Seven reasons we’re at more risk than ever of a global pandemic

(CNN)It could take just one cough, one kiss, one touch or even one bite to change not only your life, but the lives of everyone around you — and for months or even years.

In most cases, the closer those people are to you, the greater the risk. But it isn’t always that simple.
The risk at hand: an infectious outbreak.
Public health experts believe we are at greater risk than ever of experiencing large-scale outbreaks and global pandemics like those we’ve seen before: SARS, swine flu, Ebola and Zika.
More than 28,000 people were infected during the 2014-16 Ebola epidemic, with over 11,000 deaths. And as of March 10, 84 countries have reported Zika transmission. That disease was discovered in the 1940s, but had its first outbreak in 2007 in Micronesia, and more recently began spreading toward the end of 2015.
Every time, the infection’s arrival is unexpected and its scale unprecedented, leaving the world vulnerable.

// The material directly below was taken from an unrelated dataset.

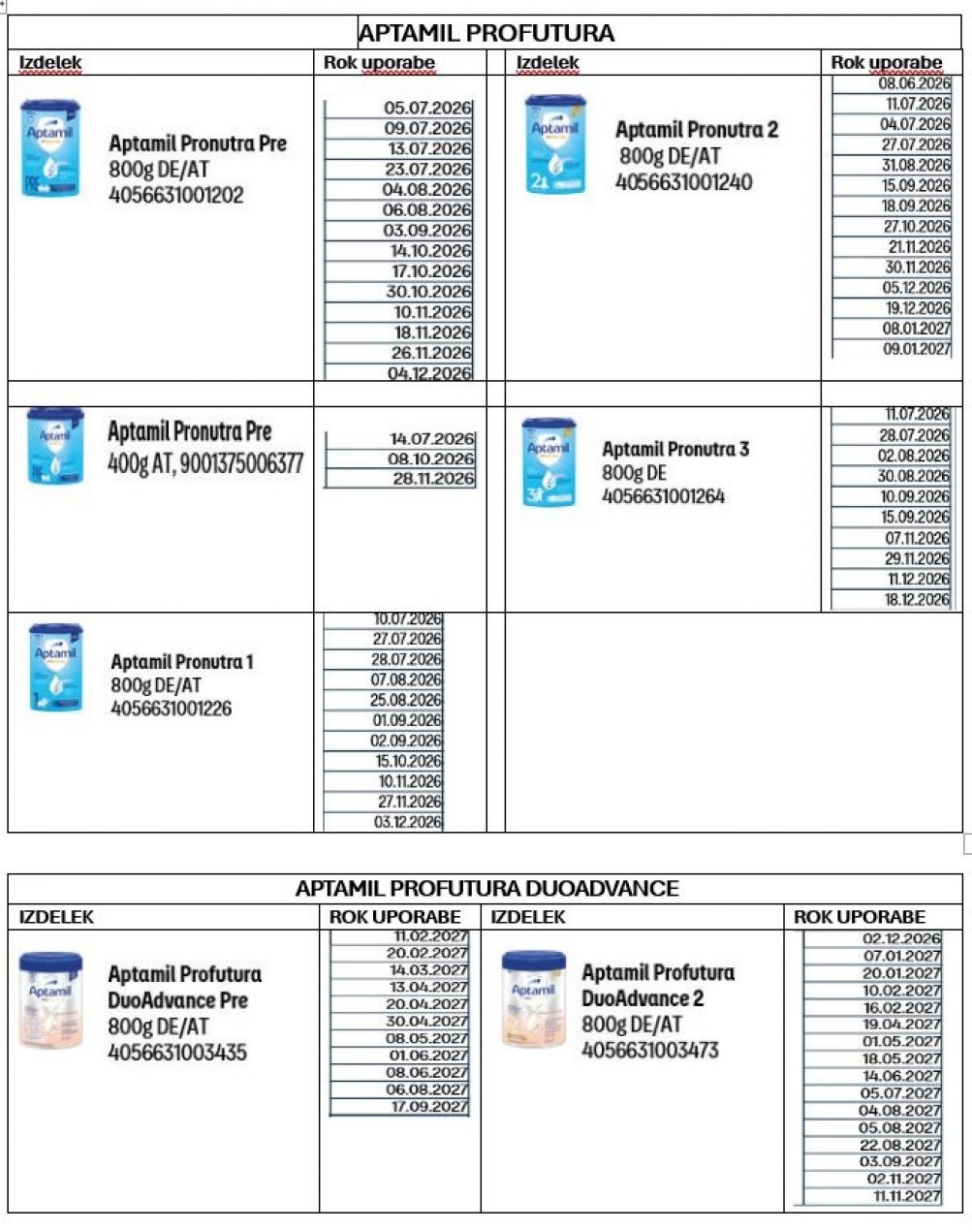 Serijska oznaka začetne formule za dojenčke Aptamil pronutra pre je 4056631001202, Aptamil pronutra advance pre 9001375006377, Aptamil pronutra 1 4056631001226, Aptamil pronutra 2 4056631001240, Aptamil pronutra 3 4056631001264, Aptamil profutura DuoAdvance pre 4056631003473 in Aptamil profutura DuoAdvance 2 4056631003473.

Experts are unanimous in the belief that the next outbreak contender will most likely be a surprise — and we need to be ready.
“We’re only as secure in the world as the weakest country,” said Jimmy Whitworth, professor of international public health at the London School of Hygiene & Tropical Medicine. With so many health systems and economies in a fragile state, this means we are far from secure.
“Infectious diseases respect no boundaries,” he said. The World Health Organization is alerted to hundreds of small outbreaks every month, he noted, which it investigates and uses to predict the chances of a bigger problem.
“There are little clusters of outbreaks occurring all the time, all over the place,” Whitworth said.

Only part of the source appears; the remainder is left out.